Of the entries below, repeat exactly only those lines from the one containing "Master Block Cluster" through the last line, with pictures omitted.

+===+

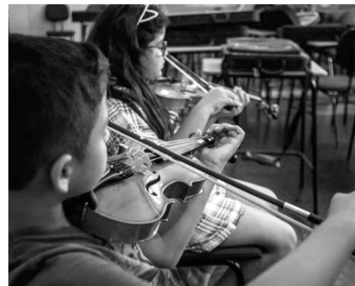
VAGAS - Ao todo estão sendo oferecidas 324 vagas para crianças a partir de seis anos

As vagas oferecidas são para as oficinas de violão (132 vagas); teclado (95 vagas); guitarra (12 vagas); violino (35 vagas); violoncelo (seis vagas);
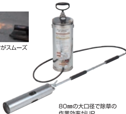
80mmの大口径で除草の 作業効率がUP
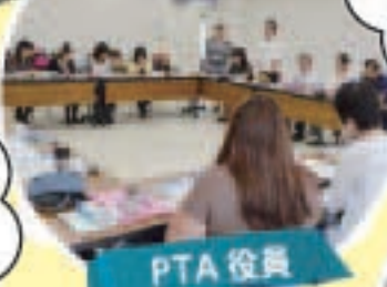
PTA 役員 役員及び会計監査、常任委員会、 正副委員長によって構成され、 毎月1回開催します
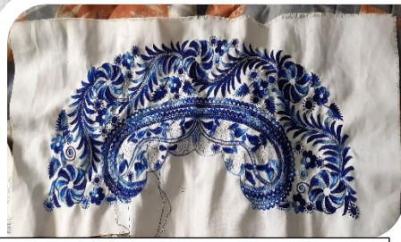
7.-Finalización del bordado
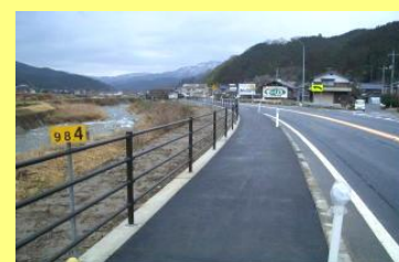
歩道やガードレールの整備
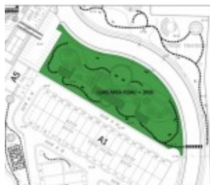
Master Block Cluster Ludisia Botanica Valley Serpong
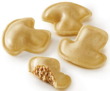
Fungo al funghi porcini Bolsa de 1kg

+===+

Your response ▸
Master Block Cluster Ludisia Botanica Valley Serpong
Fungo al funghi porcini Bolsa de 1kg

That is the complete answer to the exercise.